Morris asked Olson to consider the principle that “kids are different.”

“Every law should have room for mitigation, especially when it comes to a juvenile,” said Morris, who argued that a youth is not as able as an adult to understand the full consequences of what would happen when tossing fireworks into a dry forest on a hot summer day.

Morris also pointed to the indigent status of the youth and his family, and argued that “$36 million, or anything down to about a million, is simply not possible to pay.”

Morris said it amounts to “cruel and unusual punishment under the Oregon Constitution because it is disproportionate (to the youth’s ability to pay).”

Olson noted in court that “several available safety valves” exist regarding discharging any unpaid balance after 10 years if the perpetrator is unable to fully pay. He told Morris, “I understand it is your opinion that those safety valves are insufficient.”

Sewell said after the court session, “I completely agree with the judge’s assessment of the statutory scheme, that there are provisions that protect the individual, if he makes a good faith effort to pay while he’s on probation and for the five years after his probationary period ends.

“Despite Mr. Morris’s ranting and raving about the unfairness of all this and the irrationality of the system, it’s quite rational and it works, and the judge is presumably a rational human being who will make a call on that in 10 years.”

Asked how the young man can comply with paying a $36 million debt, Sewell said, “The issue is not whether he can pay $36 million, if that‘s what the judge orders, though I strongly suspect the judge will order something in the seven-figure range.”

Asked to elaborate, Sewell said, “I wouldn’t speculate on that. There are some legal guidelines he has to follow. It’s his call.”
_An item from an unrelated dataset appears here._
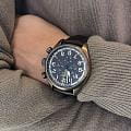 Aviator Airacobra P45 Chrono V.2.25.8.172.4  — швейцарские часы в духе пилотских инструментов, объединяющий точность, удобство и лаконичный дизайн. Диаметр корпуса — 45 мм, выполнен из нержавеющей стали 316L с PVD-покрытиемPVDУльтратонкое покрытие наносится в технике вакуумного напыления, сочетает в себе нитрид титана особой прочности со слоем золота или оксида хрома. Несёт в себе декоративную или защитную функцию., что подчёркивает техническую надёжность в образе часов. Циферблат оформлен в классическом aviator-стиле: крупные арабские цифры, широкие стрелки и чёткое деление минут позволяют считывать время мгновенно. Стрелки и метки покрыты люминесцентным покрытиемЛюминесцентное покрытиеПозволяет считывать показания времени в темноте. Производители наносят на стрелки, часовые индексы, безель или поверхность циферблата светонакопительный состав, дающий холодное свечение. Superluminova для отличной читаемости при слабом освещении. Циферблат защищён стойким сапфировым стекломСапфировое стеклоПрочный и надёжный материал из кристалла сапфира синтетического происхождения, характеризующийся особой твёрдостью и устойчивостью к царапинам и повреждениям. с антибликовым покрытиемАнтибликовое покрытиеСлой оксида металла в 0,13-0,3 микрон, благодаря которому стекло часов не бликует и не отражает свет. Антибликовое покрытие уменьшает отражение света в 10 раз, обеспечивая отличную читаемость показателей циферблата.. У модели присутствуют дата и точный откидной механизм завинчивающейся заводной головки и задней крышки, обеспечивающий надёжную водозащиту до 100 м и защиту от ударов. Внутри установлен швейцарский кварцевый механизм, который обеспечивает функции хронографаХронографФункция позволяет измерять отрезки времени с особой точностью: часы, минуты, секунды. Верным признаком хронографа является наличие на циферблате 3 дополнительных окошек-счётчиков.. Функции добавить (ADD) и разделить (SPLIT). Кожаный ремень со стандартной застежкой обеспечивает удобство и надёжную фиксацию. Эти изысканные часы так же обладают функциями тахиметраТахиметрРазмеченная шкала, располагается на ободке или безеле часов. Тахиметр позволяет рассчитать скорость на определённом участке пути, расстояние измеряется в километрах или милях., секундомераСекундомерСекундоме́р — прибор, способный измерять интервалы времени с точностью до долей секунды. и телеметра. Airacobra — это практичный и стильный инструмент для путешествий и активной повседневности, объединяющий авиационную эстетику, точный механизм и удобство.

The youth must regularly pay something while on probation, Sewell reiterated.

“The question is not $36 or $20 or even $2 million. The question will be while on probation and given his circumstances and in the judgement of the juvenile department and the court, did he make a good faith, reasonable effort to pay on his restitution?” Sewell said. “It should not be lost sight of that for five years he has to perform 2,080 hours community service, he has to do that for the benefit of the public.

“He’s ordered to continue a course of schooling and he will work off 2,000 hours in five years and get a part time job so he can start paying on this (restitution). That’s what (it’s) looking at.

“The point is not ‘is he paying $1,000 a month?’ but ‘is he paying a little something?’ That’s the question, and that’s the question that will be reviewed while his case is reviewed periodically while he is on probation. And at the 10 year mark, when he comes in and says, ‘I’d like to have this debt removed from my judgment,’ that will be the judge’s call then.”

Among those representing agencies with restitution claims was Lynn Burditt, Columbia Gorge National Scenic Area manager.

She declined to comment on Thursday’s proceeding.

“Our focus is on how do we respond to the impacts of the fire and how do we reconnect people with the land,” Burditt said.

“Our real focus is on trying to help people understand the ecological processes and get people reconnected as quickly as we can. That’s where we want to put our energy.”